The Surgeon General's advisory did not stand alone. In November 2023, the World Health Organization announced the formation of a Commission on Social Connection, co-chaired by Murthy and African Union Youth Envoy Chido Mpemba, with a three-year mandate to elevate social connection to a global health priority. In May 2025, the World Health Assembly adopted its first-ever resolution on social connection, formally adding the topic to the global health agenda alongside more traditional priorities.
The Commission's flagship report, published in June 2025, estimated that loneliness accounts for approximately 871,000 deaths per year globally — roughly 100 deaths per hour — and is associated with increased risk of cardiovascular disease, stroke, type 2 diabetes, dementia, depression, anxiety, and suicidal thoughts [4]. The report estimated that 16% of the global population experienced loneliness between 2014 and 2023, with the highest rates among adolescents (about 21%) and young adults (about 17%) — a finding that contradicts the popular framing of loneliness as primarily an elderly issue [4]. Roughly a third of adults over 60 globally are estimated to be socially isolated.
The WHO report identified only eight countries with national policies on social connection. The implied framing: addressing loneliness at the population level is a policy question, and most countries have not yet engaged with it as such.
The biological mechanisms by which social disconnection plausibly affects health are partially understood. Three lines of evidence converge.
**Chronic stress activation.** Loneliness is associated with elevated cortisol, increased sympathetic nervous system activity, and dysregulated autonomic function. The pattern resembles what is seen in chronic stress and is associated, over time, with increased cardiovascular risk, impaired glucose metabolism, and accelerated cellular aging.

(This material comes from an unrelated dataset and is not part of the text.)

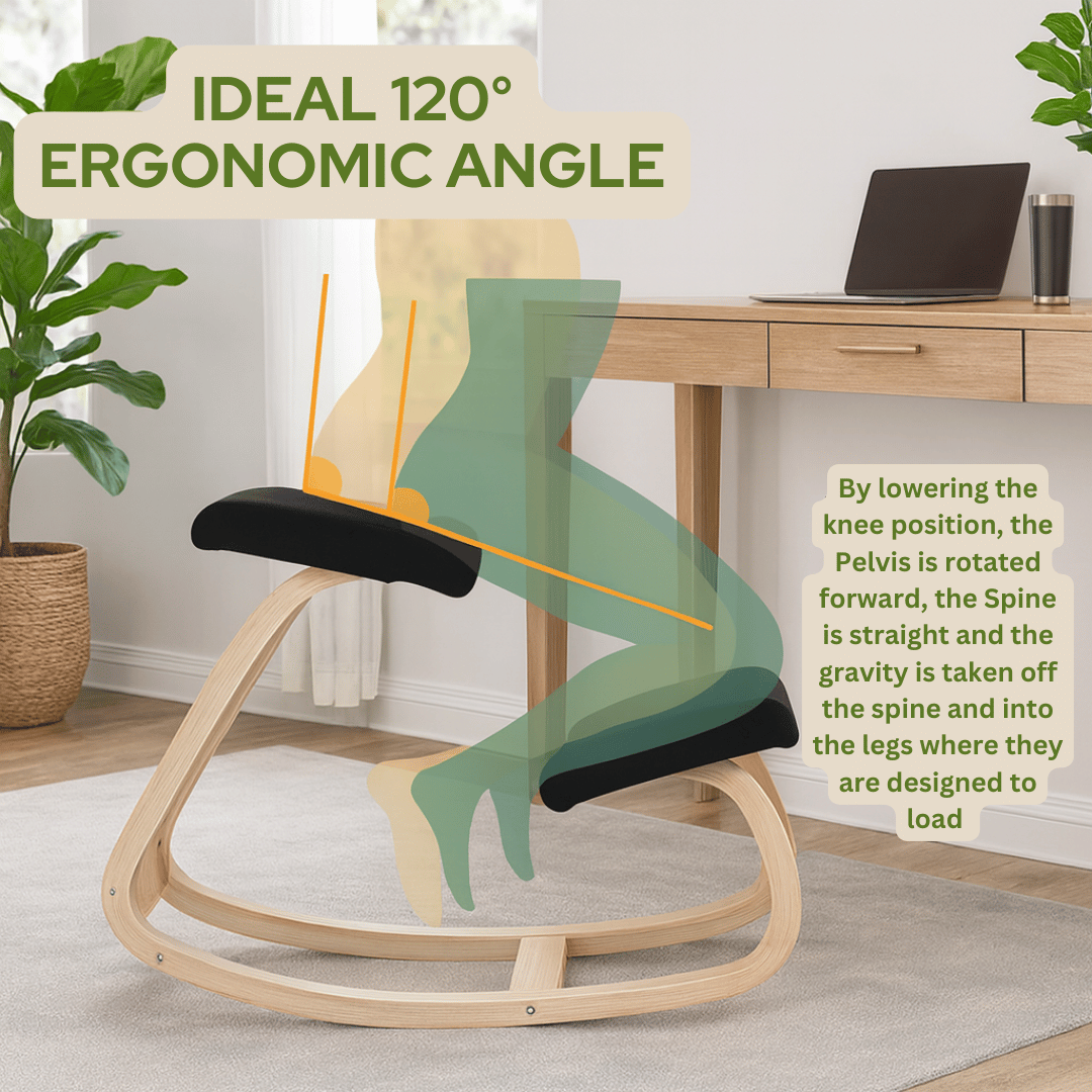 Designed to support natural spinal alignment, our ergonomic kneeling chair helps you reduce back pain, boost focus, and maintain energy all day long. Unlike traditional office chairs that compress your spine and hips, this innovative design encourages an open hip angle, engages your core, and keeps you upright — so you can work in comfort while protecting your posture.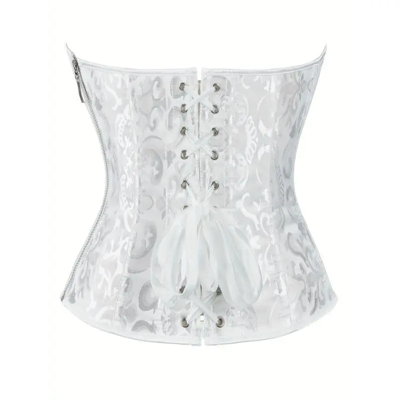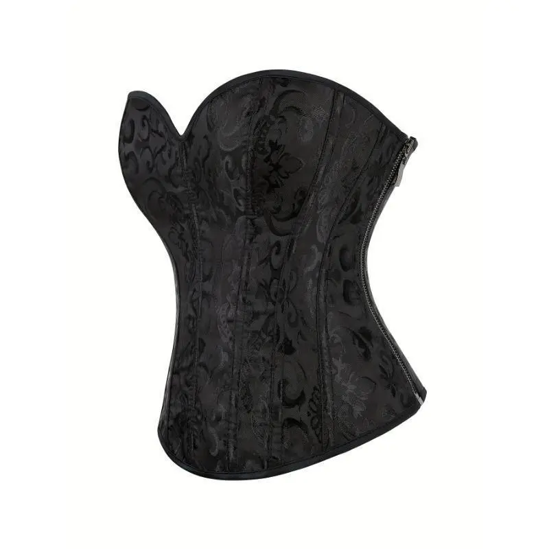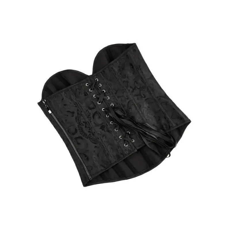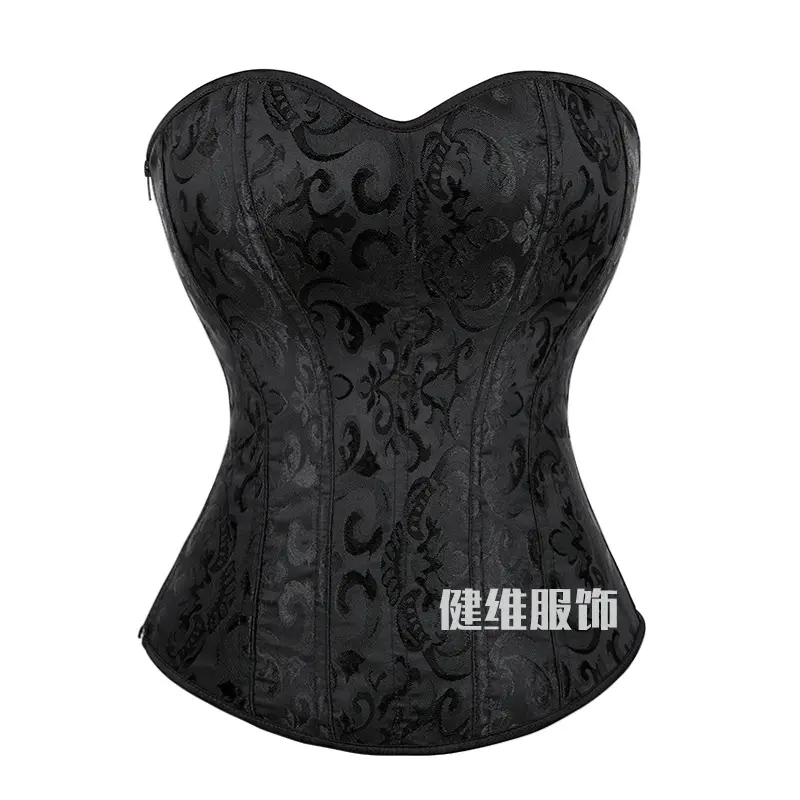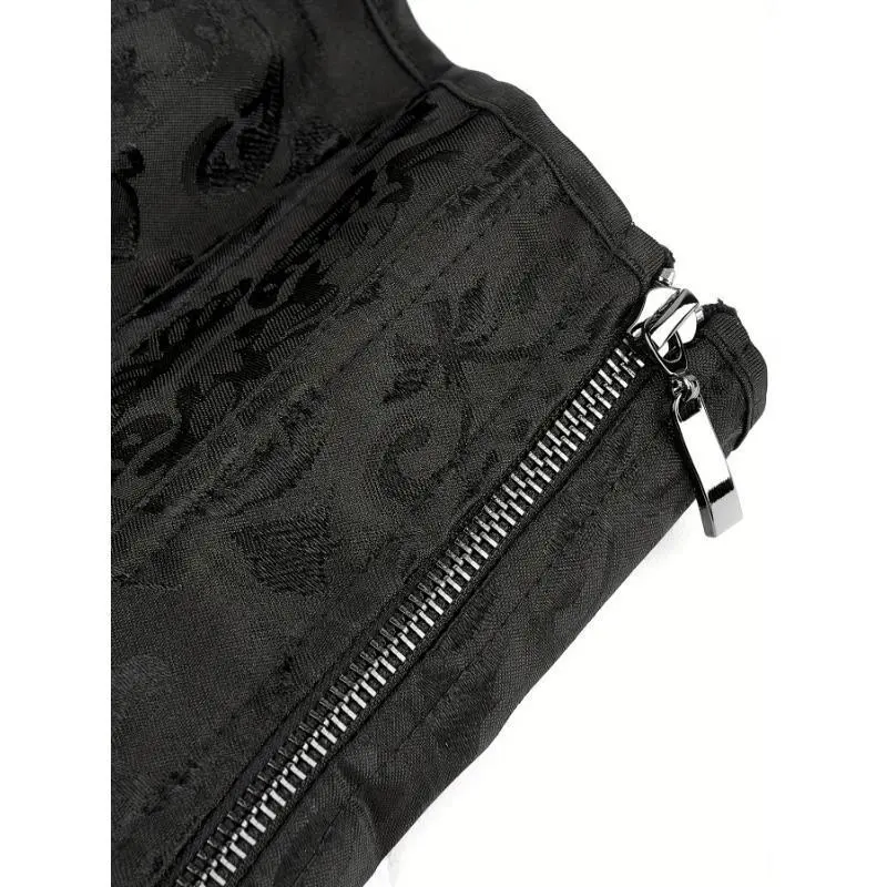 Women'S Classic Jacquard Strapless Corset with Side Zipper - Black, Lace-Up Body Shaper for Adults, Perfect for Parties and Formal Events, Formal Attire|Elegant Strapless Corset|Zippered Corset

**Inflammation.** Multiple studies have documented elevated systemic inflammatory markers (C-reactive protein, IL-6, fibrinogen) in chronically lonely individuals, even after adjusting for behavioral factors. The Surgeon General's advisory specifically cited evidence that objective isolation, or even the perception of isolation, can increase inflammation to a degree comparable to physical inactivity [1]. Chronic low-grade inflammation is itself a recognized contributor to cardiovascular disease, diabetes, and cognitive decline.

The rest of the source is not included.